The Farm Credit System has been helping farmers in rural and agricultural communities for 100 years. Starting with 12 federal land banks a century ago, the borrower-owned system now has nearly half a million member-borrowers nationwide and provides more than $200 billion in loans and leases to farmers, homeowners, agribusinesses and others who live and work in rural parts of the U.S.

“The agricultural lending cooperative was federally chartered in 1916 to help farmers get access to credit markets,” said John Barnard, president of the Mississippi Division of First South Farm Credit, part of the national network of cooperatives.

Barnard said First South is a Farm Credit lending cooperative and its board of directors, managers and employees have expertise and experience in agriculture.

Also, they are owned by the members who elect member to serve on the board of directors.

“It operates very similar to other co-ops,” he said.

First South has more than 6,300 members with outstanding loans totaling more than $1.7 billion through its network of 42 branch offices in Mississippi, Alabama and Louisiana.

Some farm credit cooperatives including First South offer annual dividends in the form of patronage to eligible member-borrowers based on the association’s earnings and financial performance.

In March, Ridgeland-based First South announced that it will distribute $12.5 million in patronage refund checks in April.

“The amount they receive is based on their level of participation in the cooperative,” said Barnard. “The larger the loan, the bigger the patronage refund.”

Roger Chappell, CEO of First South, said in announcing the refund, “When we distribute our profits to our borrowers, it reduces their effective cost of borrowing,” Chappell stated, “and it proves there are distinct financial benefits in doing business on a cooperative basis.

We offer a competitive interest rate up front, then return a portion of our profits back to our membership through the patronage program.”

The board of directors determines the total patronage amount based on profits and capital needs of the association.

Barnard said the patronage refund is “a huge incentive” to those eligible to join the cooperative.
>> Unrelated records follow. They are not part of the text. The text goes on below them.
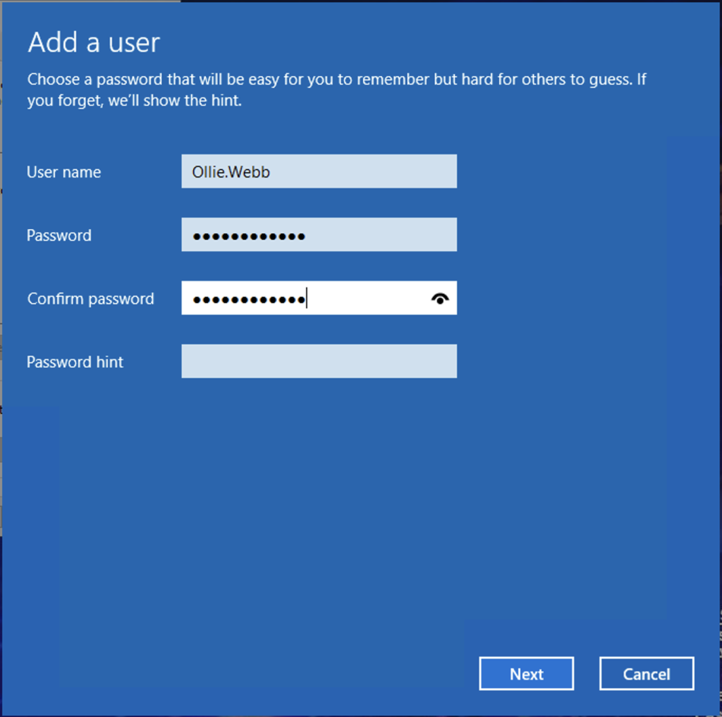 Press ‘Add’ and create the account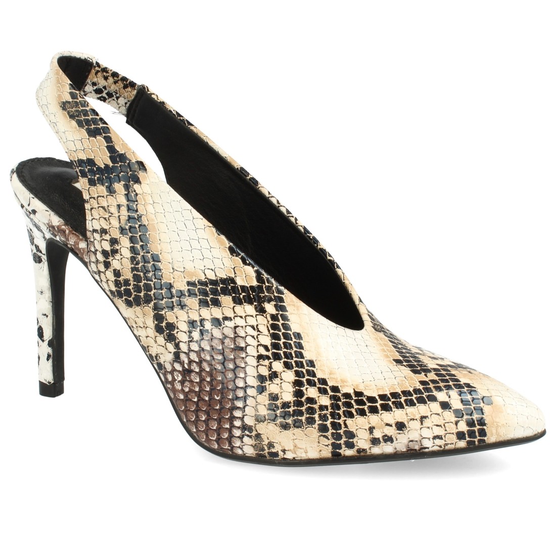 Zapato de tacón y punta finos con talón descubierto. Sujeción mediante elástico. Altura de tacón: 9 cm.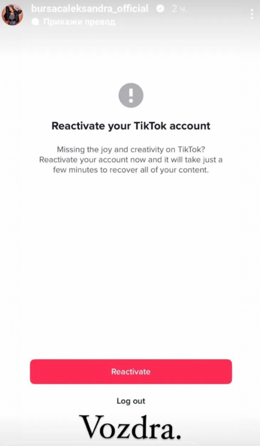 Ona je objavila fotografiju deaktiviranog naloga na popularnoj platformi i napisala: – Vozdra, što je naišlo na oduševljenje onih koji je prate.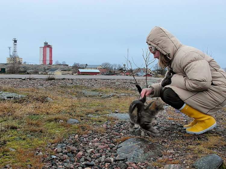 Matkalla niemeen pieni kissa lyöttäytyi seuraamme. Se seurasi meitä ja kerjäsi hellyyttä ja ehkä ruokaakin. Sisko ihastui siihen kovasti ja olisi halunnut tuoda sen mukanamme Saloon. Kukaan ei tiennyt, kenen kissa on. Epäiltiin, että joku on vain jättänyt sen saareen. Kissa oli ihan tosi pieni. Ehkä puolet tavallisesta kissasta. Mutta aikuiselta se vaikutti. Poloinen.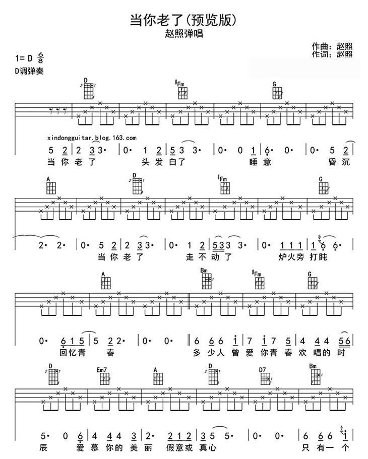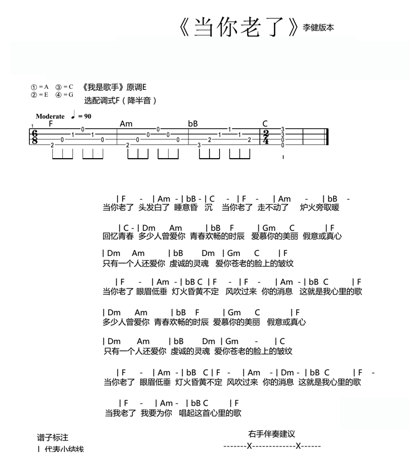 UKULELE谱【当你老了】李健《我是歌手》简谱五线谱附歌词是乐器资源网于2016年10月02日 16:40:14整理更新,内容收录在尤克里里乐谱栏目;乐器资源网免费分享专业、准确、规范、高清的尤克里里乐谱简谱五线谱歌词等电子版资料,欢迎在线免费下载;乐器资源网无需注册会员,即可直接免费下载各类乐器学习相关资源。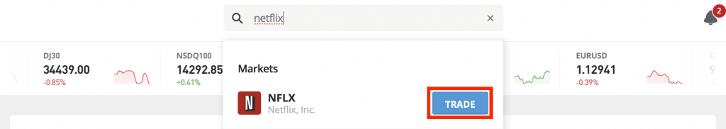 Az eToro keresőjében a Netflix kulcsszót beírva könnyen megtalálod a keresett részvényt. Írd be a Netflix kulcsszót, majd klikkelj a TRADE gombra.

This year’s refund gives eligible members approximately a 12 percent reduction in the interest they pay.

It also attests to the sound operation of the cooperative. “This is the 21st consecutive year we have paid the patronage refund,” said Barnard. During that time, First South’s total patronage paid to member-borrowers is more than $299 million.

Gaston Lanaux, chairman of the First South Board of Directors, said in a statement announcing the refunds: “First South’s 2015 earnings represented another year of strong business performance.  As a cooperative, we are proud to continue our tradition of having our member-borrowers share in our success and profits.”

Barnard said as the national organization celebrates its 100th year milestone in 2016 it also is promoting its initiative to “continue to look at avenues to finance non-traditional farms,” he said, as well as providing loans to more young, beginning and small farmers.